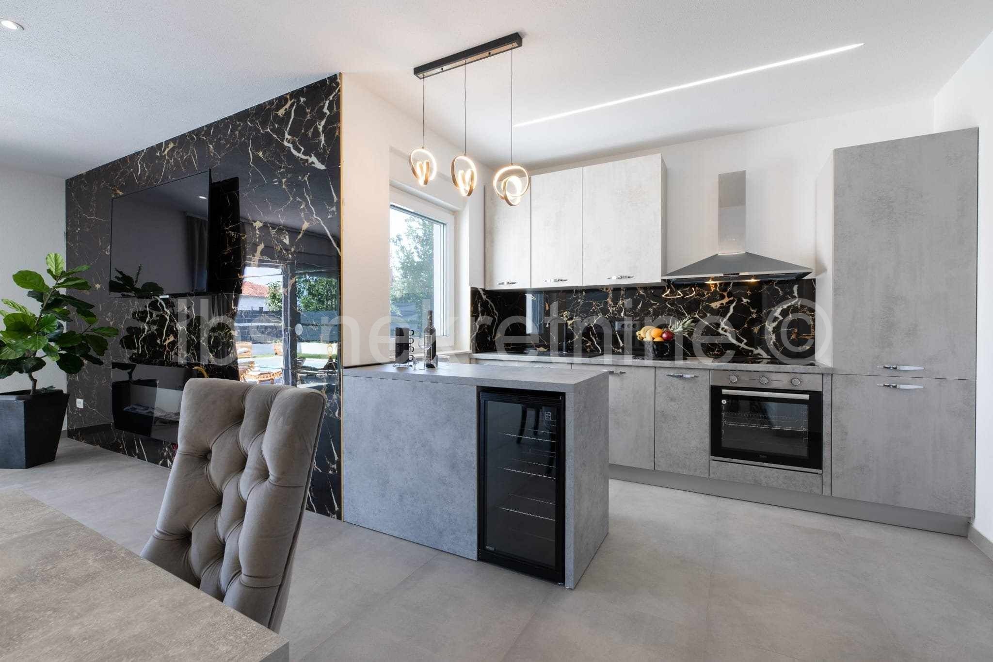 Description: Between Split and Trogir in Kaštel Novi we are selling a beautiful detached modern house with a swimming pool.
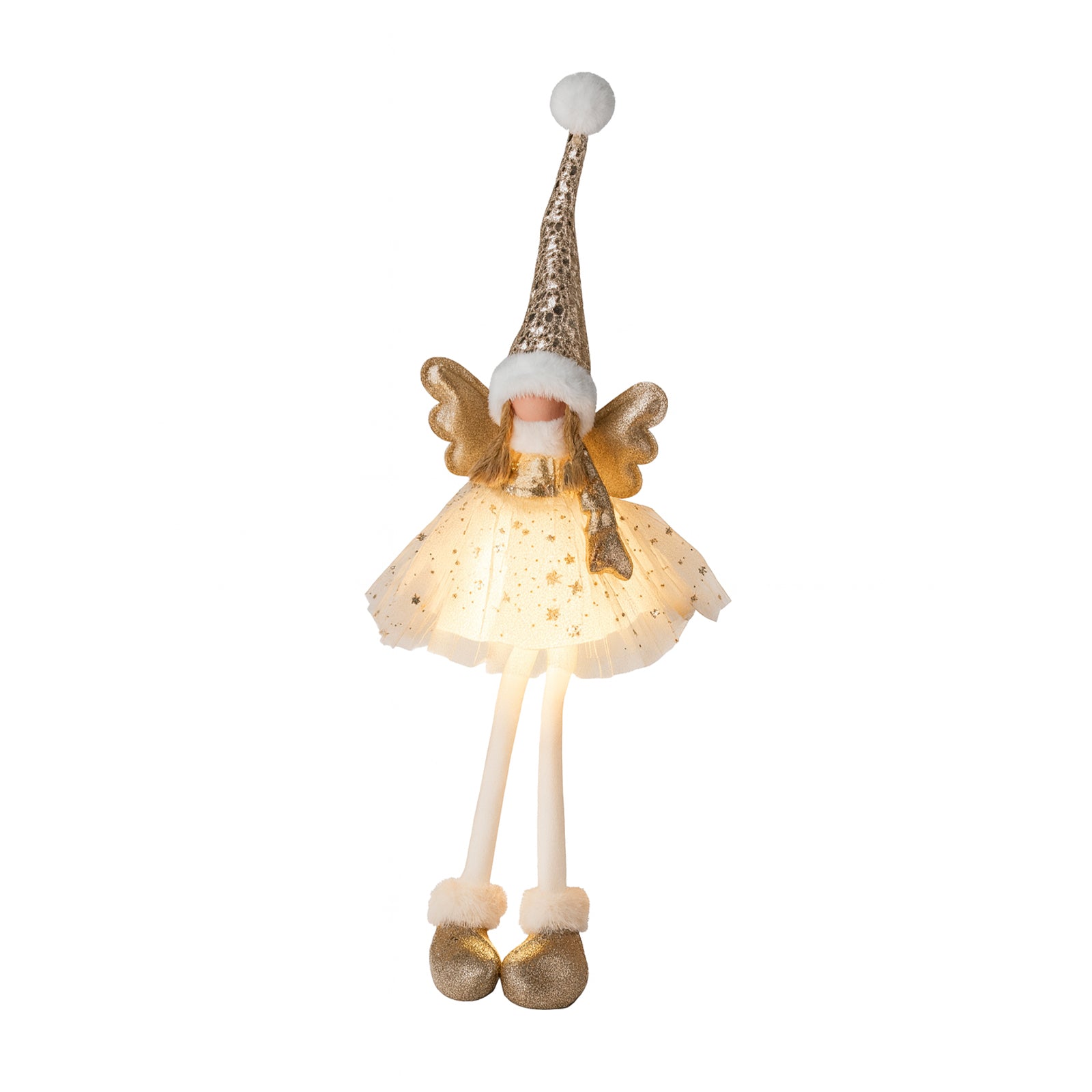 Angelo con luci Led e con gonna luminosa per decorazioni natalizie h 50 cm
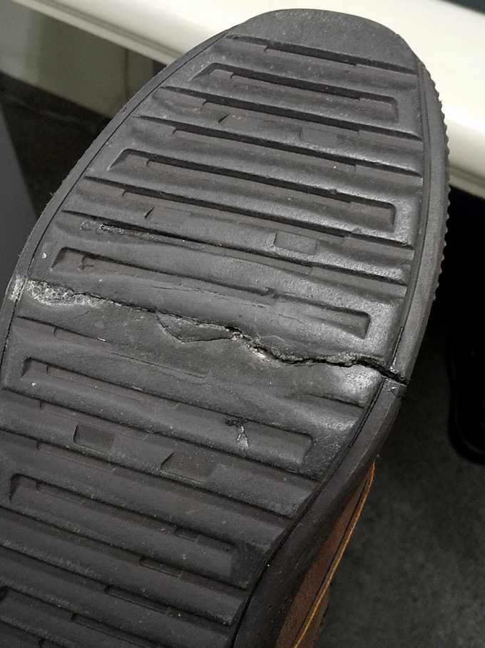 靴の底ゴムにひびが入って履き心地どころか雨降りには、必ず浸水靴下ベタベタの危機的状況
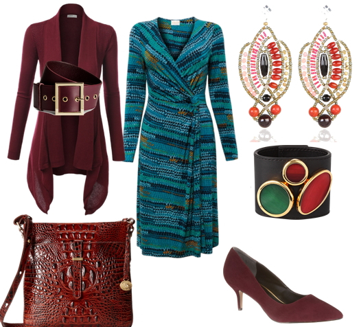Как обычно во многих комплектах вы видите большое кол-во вертикальных линий- это и фалды кардиганов\блейзеров, так и принты. Прошу обратить внимание на пояса,которыми женщины с таким типом фигуры вообще не пользуются. Пояса располагаются несколько выше линии талии, такой принцип хорошо работает и на беременных животиках. Этот прием обусловлен тем,что как раз у женщин с таким типом фигуры, самое узкое место тела,находится не на талии, а чуть выше. И если мы поясом обозначаем его, то как раз срабатывает принцип уменьшения объемов,о нем я говорила тут Тот же прием идет на зеленом платья. Думаю, про платья с запахом уже даже нет смысла говорить, это итак все знают
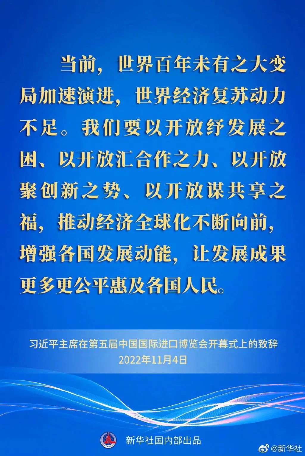 習近平強調,開放是人類文明進步的重要動力,是世界繁榮發(fā)展的必由之路。當前,世界百年未有之大變局加速演進,世界經(jīng)濟復蘇動力不足。我們要以開放紓發(fā)展之困、以開放匯合作之力、以開放聚創(chuàng)新之勢、以開放謀共享之福,推動經(jīng)濟全球化不斷向前,增強各國發(fā)展動能,讓發(fā)展成果更多更公平惠及各國人民。
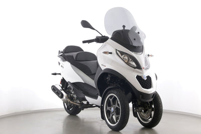 Eine Piaggio MP3 500 LT Sport aus erster Hand in gepflegtem Zustand u.a. mit Topcase-Trägerplatte und ABS.
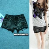 ¥32.80元实拍A608韩版女装2010新款磨破破洞牛仔裤牛仔短裤/热裤女款夏款
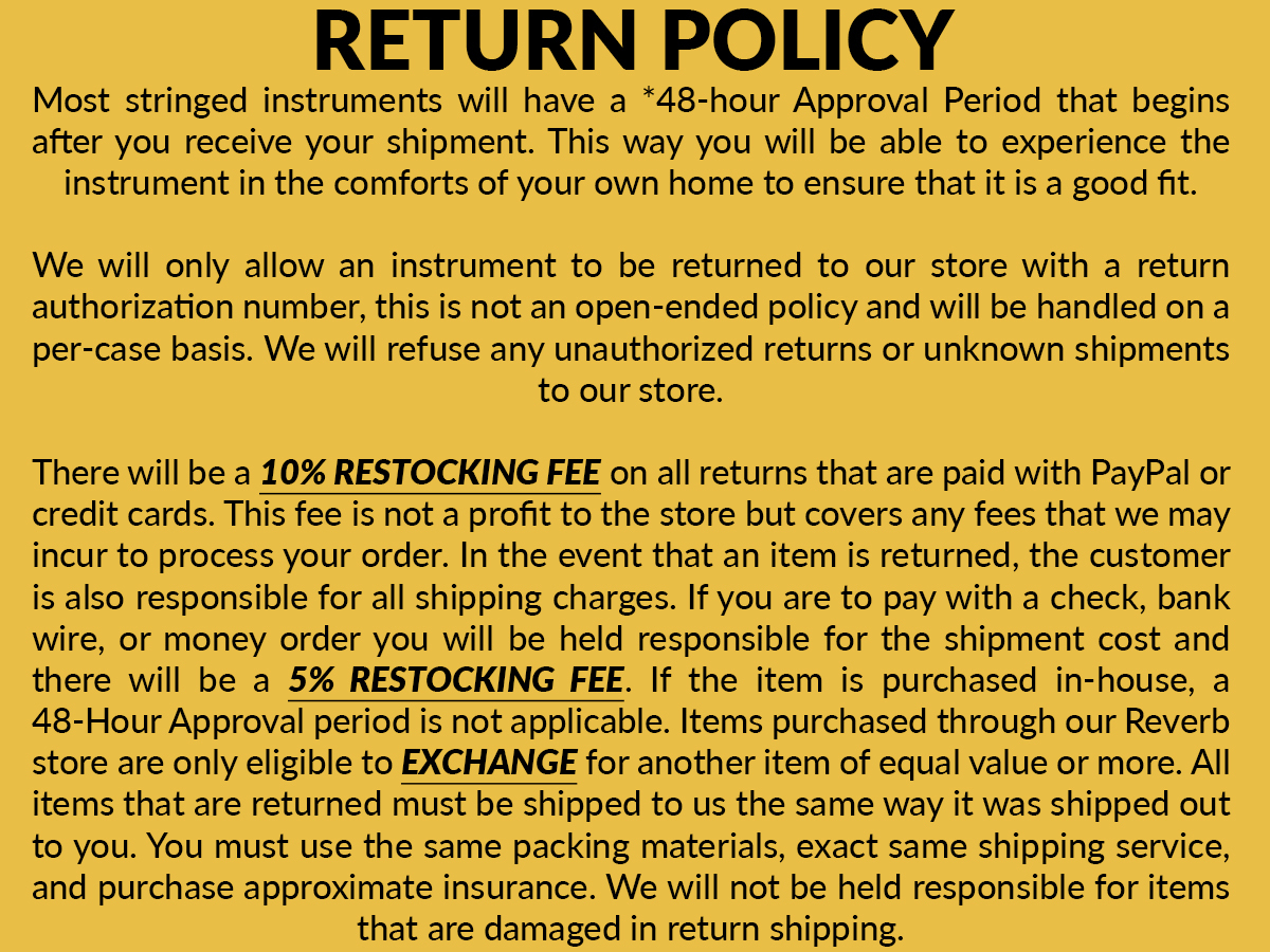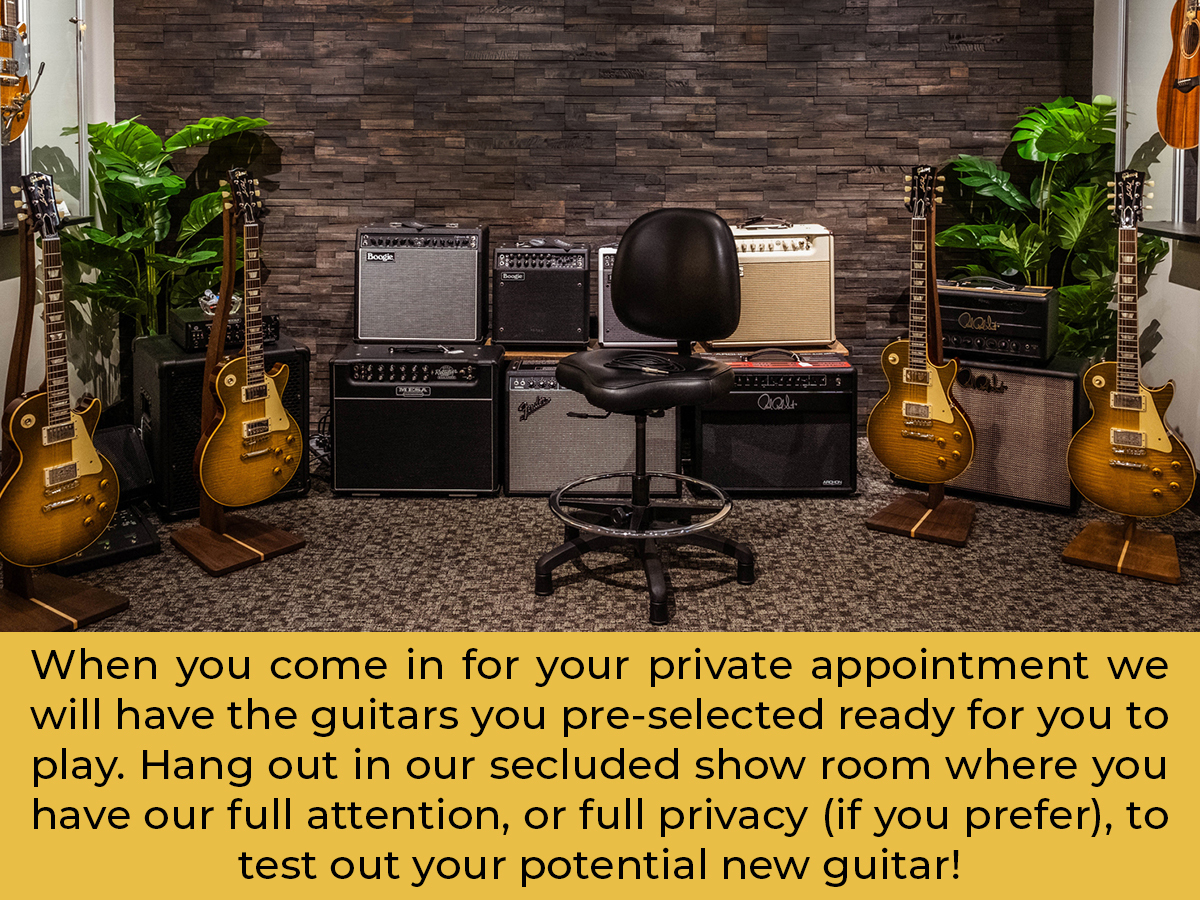 We know that finding the perfect guitar is no simple task, and we want you to have one-on-one attention from our experienced staff. Being able to prepare ahead of time by having the desired instruments or equipment ready for you to try creates a much smoother process, and should you find the guitar you thought you wanted doesn’t play as expected, we want to be available to recommend other options.

▶ [Problem to solve] These entries are to be printed again word for word, except for the pictures.

▶ [Result for this task]
 Description: Between Split and Trogir in Kaštel Novi we are selling a beautiful detached modern house with a swimming pool.
 Angelo con luci Led e con gonna luminosa per decorazioni natalizie h 50 cm
 靴の底ゴムにひびが入って履き心地どころか雨降りには、必ず浸水靴下ベタベタの危機的状況
Как обычно во многих комплектах вы видите большое кол-во вертикальных линий- это и фалды кардиганов\блейзеров, так и принты. Прошу обратить внимание на пояса,которыми женщины с таким типом фигуры вообще не пользуются. Пояса располагаются несколько выше линии талии, такой принцип хорошо работает и на беременных животиках. Этот прием обусловлен тем,что как раз у женщин с таким типом фигуры, самое узкое место тела,находится не на талии, а чуть выше. И если мы поясом обозначаем его, то как раз срабатывает принцип уменьшения объемов,о нем я говорила тут Тот же прием идет на зеленом платья. Думаю, про платья с запахом уже даже нет смысла говорить, это итак все знают
 習近平強調,開放是人類文明進步的重要動力,是世界繁榮發(fā)展的必由之路。當前,世界百年未有之大變局加速演進,世界經(jīng)濟復蘇動力不足。我們要以開放紓發(fā)展之困、以開放匯合作之力、以開放聚創(chuàng)新之勢、以開放謀共享之福,推動經(jīng)濟全球化不斷向前,增強各國發(fā)展動能,讓發(fā)展成果更多更公平惠及各國人民。
 Eine Piaggio MP3 500 LT Sport aus erster Hand in gepflegtem Zustand u.a. mit Topcase-Trägerplatte und ABS.
 ¥32.80元实拍A608韩版女装2010新款磨破破洞牛仔裤牛仔短裤/热裤女款夏款
 We know that finding the perfect guitar is no simple task, and we want you to have one-on-one attention from our experienced staff. Being able to prepare ahead of time by having the desired instruments or equipment ready for you to try creates a much smoother process, and should you find the guitar you thought you wanted doesn’t play as expected, we want to be available to recommend other options.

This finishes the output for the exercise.